Information provided:

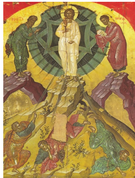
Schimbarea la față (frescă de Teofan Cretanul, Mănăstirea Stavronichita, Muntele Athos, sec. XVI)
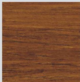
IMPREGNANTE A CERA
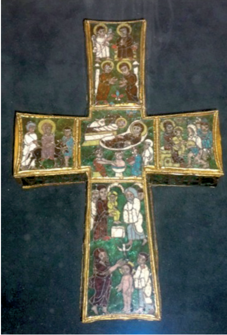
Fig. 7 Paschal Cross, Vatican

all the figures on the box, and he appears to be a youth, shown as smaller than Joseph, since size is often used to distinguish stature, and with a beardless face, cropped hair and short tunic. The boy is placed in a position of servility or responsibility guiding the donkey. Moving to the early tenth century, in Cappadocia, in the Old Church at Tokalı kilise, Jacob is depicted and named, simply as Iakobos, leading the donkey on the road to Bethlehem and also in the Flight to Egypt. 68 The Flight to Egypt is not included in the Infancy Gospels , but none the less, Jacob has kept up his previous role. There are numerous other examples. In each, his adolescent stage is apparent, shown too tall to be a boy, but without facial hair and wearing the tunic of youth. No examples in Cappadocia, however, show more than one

How to complete this task:
Copy out the data verbatim, with no pictures.

Your solution:
Schimbarea la față (frescă de Teofan Cretanul, Mănăstirea Stavronichita, Muntele Athos, sec. XVI)
IMPREGNANTE A CERA
Fig. 7 Paschal Cross, Vatican

all the figures on the box, and he appears to be a youth, shown as smaller than Joseph, since size is often used to distinguish stature, and with a beardless face, cropped hair and short tunic. The boy is placed in a position of servility or responsibility guiding the donkey. Moving to the early tenth century, in Cappadocia, in the Old Church at Tokalı kilise, Jacob is depicted and named, simply as Iakobos, leading the donkey on the road to Bethlehem and also in the Flight to Egypt. 68 The Flight to Egypt is not included in the Infancy Gospels , but none the less, Jacob has kept up his previous role. There are numerous other examples. In each, his adolescent stage is apparent, shown too tall to be a boy, but without facial hair and wearing the tunic of youth. No examples in Cappadocia, however, show more than one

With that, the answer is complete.